Records for processing:
____________________
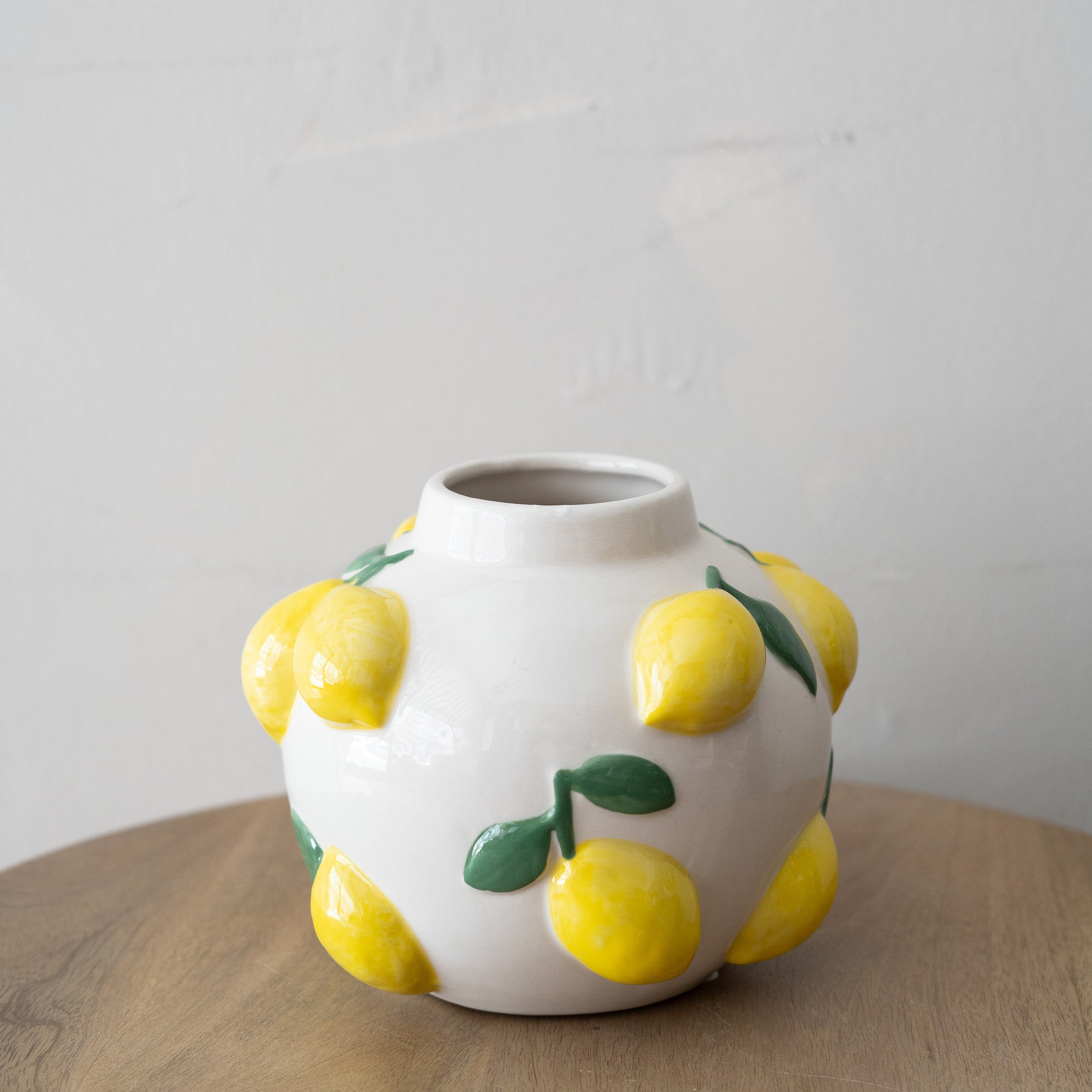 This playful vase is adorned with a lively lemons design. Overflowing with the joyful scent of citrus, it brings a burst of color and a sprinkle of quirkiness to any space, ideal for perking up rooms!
____________________
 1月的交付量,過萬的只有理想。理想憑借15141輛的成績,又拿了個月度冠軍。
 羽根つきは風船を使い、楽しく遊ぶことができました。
____________________
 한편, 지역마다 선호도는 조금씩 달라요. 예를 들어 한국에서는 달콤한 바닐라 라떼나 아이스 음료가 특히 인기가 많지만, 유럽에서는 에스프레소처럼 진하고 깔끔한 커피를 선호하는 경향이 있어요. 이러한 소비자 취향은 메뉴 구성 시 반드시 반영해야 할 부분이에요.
____________________
Aim of the exercise: Reproduce exactly, and only, the part of the listing above that begins at the line with "1月的交付量,過萬的只有理想。理想憑借15141輛的成績,又拿了個月度冠軍。" and goes on through the line with "羽根つきは風船を使い、楽しく遊ぶことができました。".

Solution for this problem:
 1月的交付量,過萬的只有理想。理想憑借15141輛的成績,又拿了個月度冠軍。
 羽根つきは風船を使い、楽しく遊ぶことができました。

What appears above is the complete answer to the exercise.